Your assistance is required to continue this feature. The reports described here were received through the Institute for Safe Medication Practices (ISMP) Medication Errors Reporting Program. Any reports published by ISMP will be anonymous. Comments are also invited; the writers’ names will be published if desired. ISMP may be contacted at the address shown below.

Errors, close calls, or hazardous conditions may be reported directly to ISMP through the ISMP Web site (www.ismp.org), by calling 800-FAIL-SAFE, or via e-mail at ismpinfo@ismp.org.
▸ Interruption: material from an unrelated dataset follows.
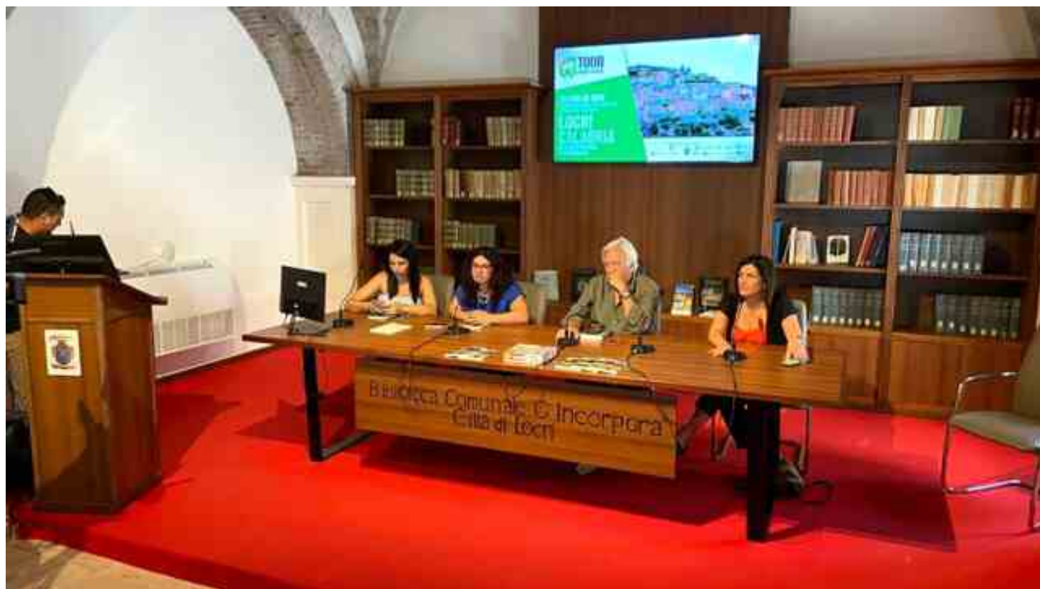
La presentazione del progetto a Locri

E ducazione al cibo sane e le buone abitudini alimentari rivolta ai più giovani come se fosse un gioco. E' l'obiettivo di "Dammi il 5!", campagna di sensibilizzazione nell'ambito del "Tour dei 5 colori", progetto ideato dall'associazione Pancrazio in collaborazione con Società Italiana di Pediatria, Ospedale Pediatrico Bambino Gesù, e giunto a Locri grazie al sostegno di Gal Terre Locridee, Regione Calabria, Unical, città di Locri. Il progetto prevede una serie animata, un libro e tanti gadget attorno ai cinque colori della frutta e delle verdure – verde, bianco, viola, rosso, arancione – che fanno bene e che tutti, bambini e adulti e dovremmo imparare a introdurre di più nella nostra alimentazione, seguendo la dieta mediterranea, vero patrimonio per la salute.

ISMP guarantees the confidentiality and security of the information received and respects reporters’ wishes as to the level of detail included in publications.

Alteplase and Tenecteplase Confusion

A patient with slurred speech and facial droop arrived at an emergency department (ED) late in the evening on a weekend. Upon arrival and assessment, a probable diagnosis of stroke was made and alteplase, which has a stroke indication, was prescribed. In the ED, the drug was commonly referred to as tPA. At an automated dispensing cabinet (ADC), a nurse typed “t” and tenecteplase appeared on the selection screen, which she selected and removed from the cabinet.

The hospital used tenecteplase for ST segment elevation myocardial infarction (STEMI) because it was less expensive than alteplase (Activase) for myocardial infarction (MI). But alteplase was also in the ADC for use when indicated for stroke and pulmonary embolism. Pharmacy was usually part of the stroke alert team, but the hospital pharmacy was not open 24 hours, so the pharmacist had left for the day. Because the drugs were high-alert medications, a second nurse confirmed the dose calculations but not the actual product. Tenecteplase was given using the alteplase protocol, and the patient was transferred to another hospital.

The calculated alteplase dose for stroke is 65 mg. While tenecteplase is not approved for stroke, the tenecteplase STEMI dose would be 40 mg, so the 65 mg of tenecteplase that was inadvertently administered was about 60% higher than the approved STEMI dosing. A pharmacist noticed the error the next day when reviewing the orders and notified the ED along with the hospital where the patient was transferred. The patient’s family was also notified. Fortunately, the patient recovered; stroke symptoms were not apparent, and no adverse effects from the overdose of tenecteplase were identified.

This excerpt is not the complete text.